Deciding on Health Insurance Options for your Small Business

Choosing the most cost-effective and appropriate health insurance plan for your small business has the potential to be onerous and confusing. With such a range of types of product on the market, each with wildly different premiums, excesses, coverage plans and mark-ups, small business owners often face a real dilemma with regards to which route to choose. In this article, we have summarized the three traditional options that are available to you:

Group Health Insurance

These plans are probably the most well-known and well-utilised way of paying for your healthcare costs. Essentially, the health insurer charges you an annual or monthly premium for which you get access to health and dental care when you need it.

Of course, one of the main advantages to health insurance schemes, and probably one of the key reasons why so many people choose to rely on them, is the security of having a safety net for an unforeseen and potentially very costly situation.  But one must weigh up the benefits that such a scheme can bring you and your company in the longer terms, particularly from a financial perspective.

Paying Out of Pocket for Medical Expenses

An alternative to group health insurance can be the option of paying for medical treatment out of pocket, as and when it is required. Although this method provides less of a perceived sense of certainty than a traditional insurance plan, it is likely to prove to be more cost effective over the longer term as you aren’t paying for unnecessary administration and planned events.

However, you should carefully consider the tax implications of such a route.  The main reason for this is that you will need to pay medical bills after tax – potentially adding big dollars on top without you being fully aware of it. Without getting into complicated examples, if you imagine that your marginal tax rate is 43% and you have to pay a bill for medical care of $1000, the true cost to you would be $1,750! Clever budgeting and structured cash flow arrangements are therefore crucial if you decide to pay out of pocket for your company’s medical expenses.
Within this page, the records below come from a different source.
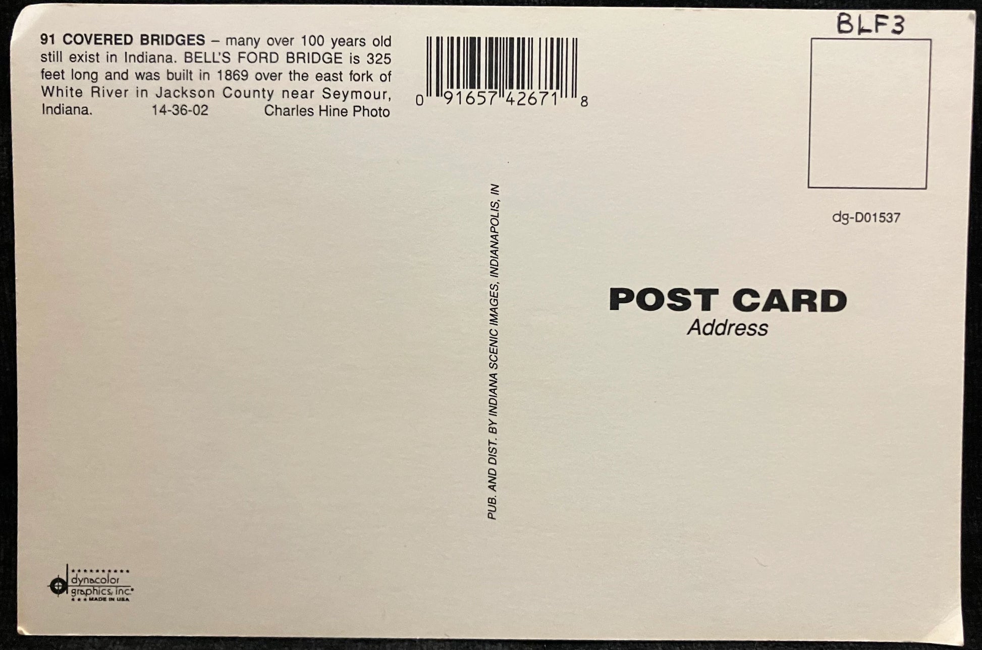 Back: Covered Bridges - many over 100 years old still exist in Indiana. BELL’S FORD BRIDGE is 325 feet long and was built in 1869 over the east fork of White River in Jackson County near Seymour, Indiana.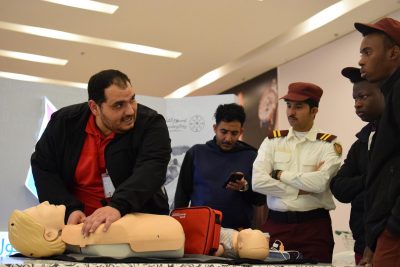 تنفيذ يوم تدريبي لهيئة الهلال الأحمر السعودي في مول الباحة ضمن مشروع “معاذ” للسلامة الإسعافية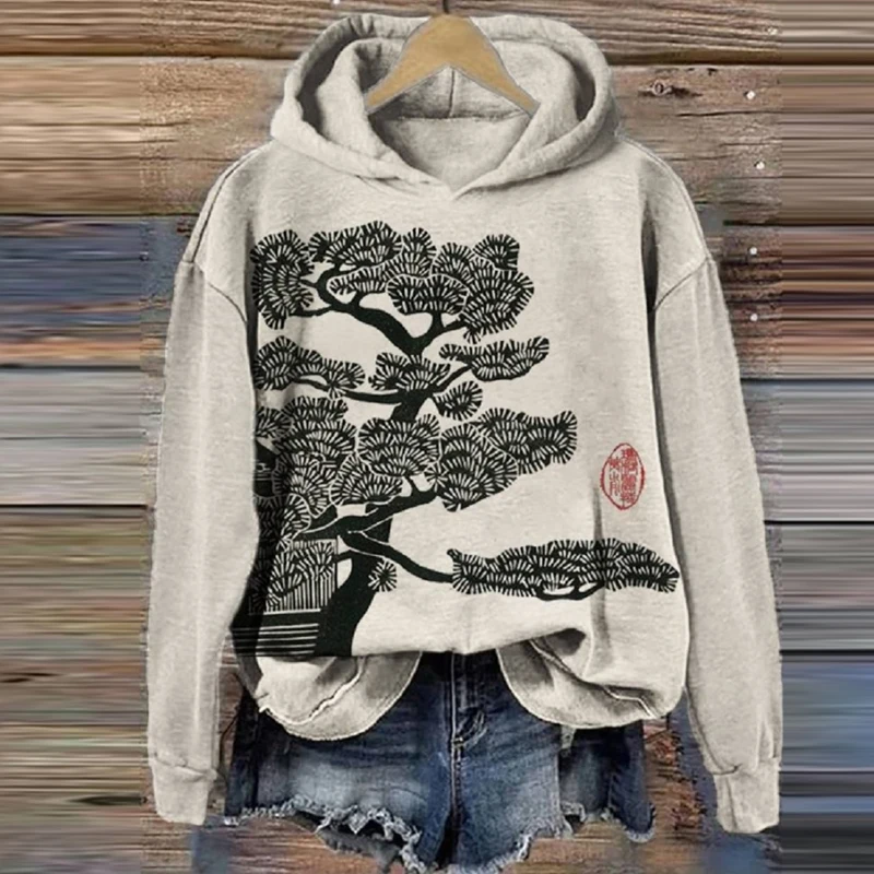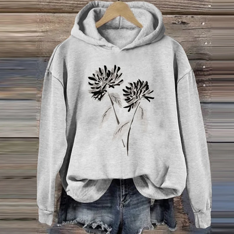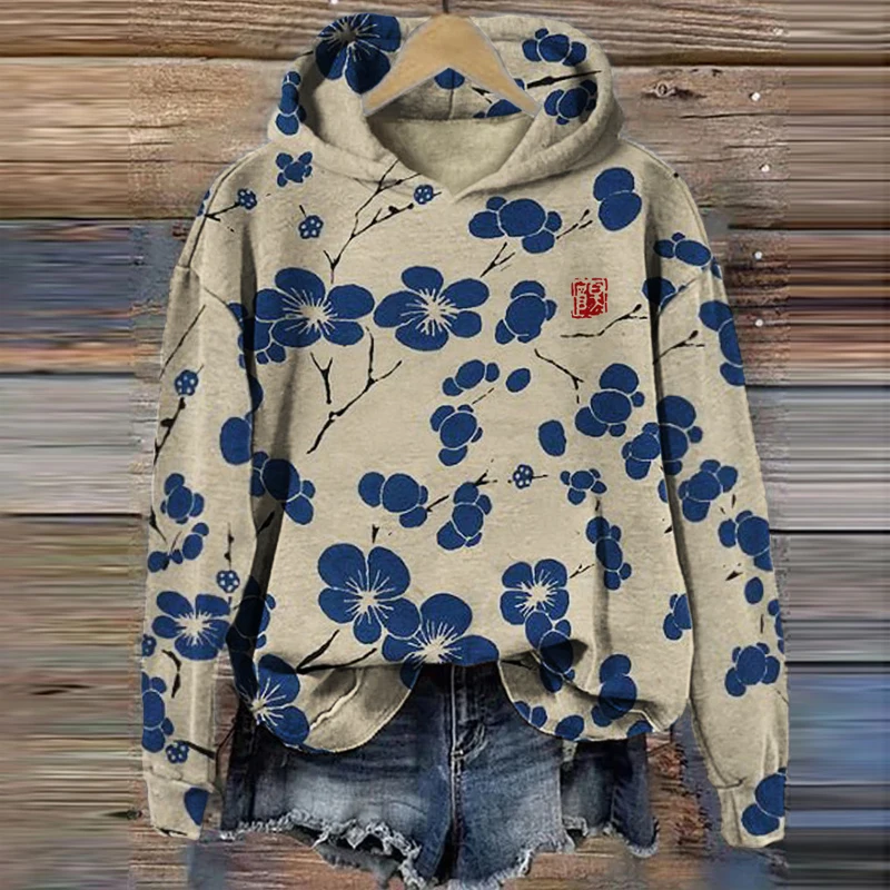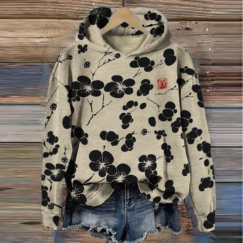 - Product Name: O Neck Sweatshirt Women Long Sleeve Print Plum Blossom Casual Loose Pullover Top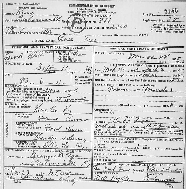 | TYE | ROSE | 1925 | 3 | 22 | 83 | 7146 |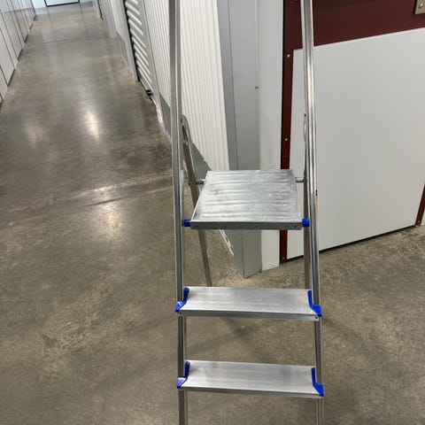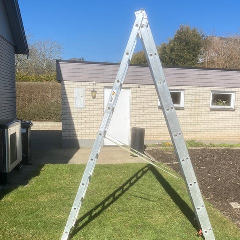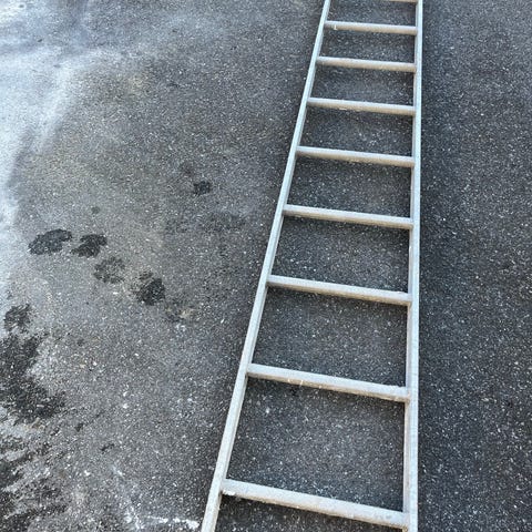 Aluminiumstege med 8 steg. Stegen har breda steg och stödben för stabilitet. Passar för arbete både inomhus och utomhus, till exempel vid målning, underhåll eller andra hushållssysslor där extra höjd behövs. Arbetshöjd. 3,72 m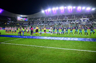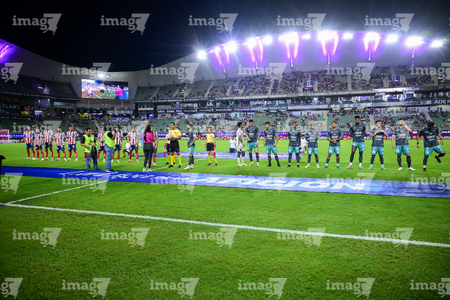 Mazatlán, Sinaloa, 3 de octubre de 2025. Protocolo, durante el partido correspondiente a la jornada 12 del torneo Apertura 2025 de la Liga BBVA MX, entre los Cañoneros del Mazatlán FC y el Atlético San Luis, realizado en El Encanto. Foto: Imago7/ Alexis Chávez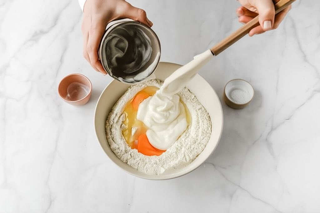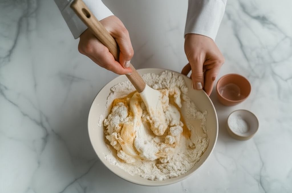 Ponownie wymieszamy do uzyskania jednolitej masy. Może to zająć dłuższy moment. Ciasto będzie dosyć gęste i lepkie.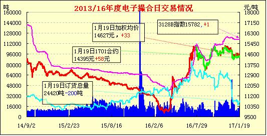 1月19日,電子撮合交易成交量增加,合約均價多數(shù)收漲,活躍交投主要集中于中遠期合同。據(jù)大豐一位私營紡企老板介紹,前段時間因霧霾、雨雪等自然天氣,部分企業(yè)產(chǎn)銷受影響,一月中旬以來,全省大部分地區(qū)放晴升溫,企業(yè)紛紛排鋪訂單,安排生產(chǎn),除了一些小批量春節(jié)前必須交付的單子外,其余的正常供貨性生產(chǎn),企業(yè)也在春節(jié)前增加了產(chǎn)量,盡量不把產(chǎn)銷壓力后移。據(jù)了解,目前該區(qū)市場上棉花供應相對充足,來源尚以內(nèi)地棉為主,但這也只是暫時現(xiàn)象,預計節(jié)后開春期新疆棉涌入內(nèi)地的進度及數(shù)量將會有所加快。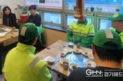 경기헤드뉴스 권준형 기자 | 영통구 광교2동은 지난 3월 16일 관내 식당에서 환경관리원들과 함께 격려 오찬 및 간담회를 개최했다. 이날 오찬에는 광교2동장, 행정민원팀장, 담당 공무원과 환경관리원 5명이 참석했으며, 참석자들은 동의 청결 유지와 환경 개선을 위해 묵묵히 노력해 온 환경관리원들의 헌신에 깊은 감사를 표했다. 또한 간담회를 통해 환경관리원들의 근무 여건 개선, 구역별 애로사항, 근무 효율성 제고를 위한 제안 등이 논의됐으며, 광교2동은 수렴된 의견을 향후 근무 환경 개선과 현장 업무 조정에 적극 반영할 계획이다. 배동선 광교2동 환경관리원 반장은 “추운 날씨에 청소를 하는 것이 쉬운 일은 아니지만 동장님과 시민 여러분이 응원해주시니 힘이 난다. 앞으로도 광교2동 환경관리원이라는 자부심을 갖고 깨끗한 동네를 만들기 위해 노력하겠다”고 말했다. 김금순 광교2동장은 “광교2동이 항상 청결한 이유는 바로 환경관리원분들의 보이지 않는 헌신과 노고 덕분이다. 앞으로도 근무 여건 개선을 위한 지원을 아끼지 않겠다”고 전했다.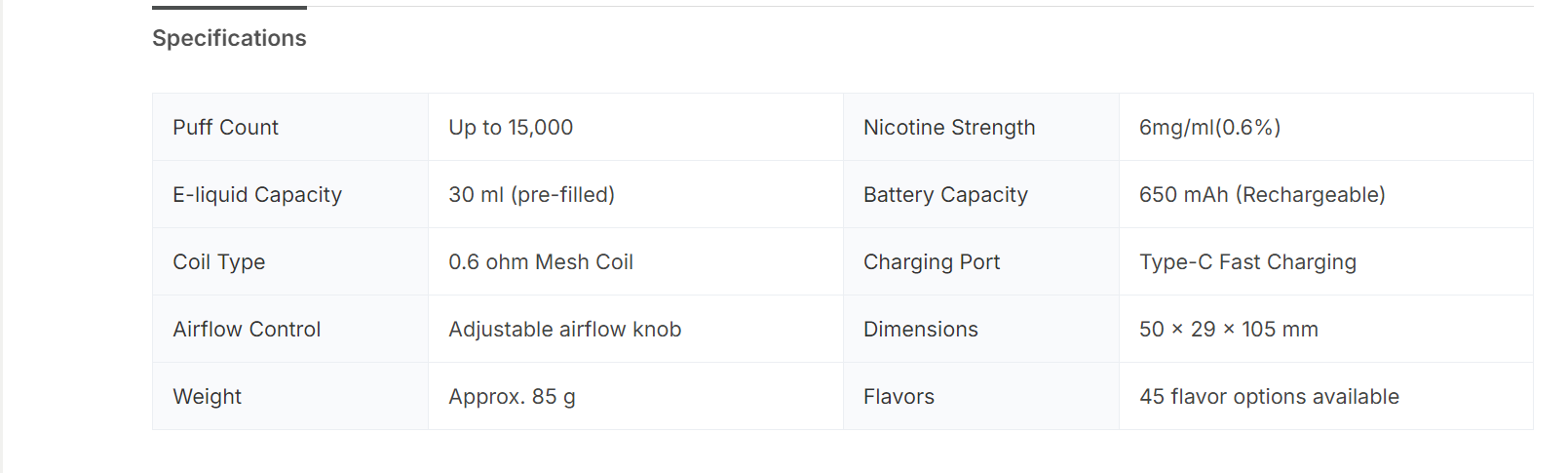- 15000 Puffs + 30ml E-Liquid: No mid-week “out of oil” stress – works for light (few puffs/hour) or heavy vapers.

Using a Health Spending Account

Now we come to a really viable alternative to the two mainstream approaches described above, and a product that is gaining popularity in Canada. A health spending account aims to correct the two flaws of insurance and out of pocket methods, being expense and tax inefficiency, by providing a mechanism to convert out of pocket after-tax medical bills into a before-tax business expense.  It is a potentially flexible and easy to use option, whereby you usually just pay a small annual fee or a small administration fee on the amount of your claims and gain reimbursements for a range of health-related expenses. It’s certainly worth exploring as a potential way to get around the pitfalls of the traditional routes for paying for health costs for your small business.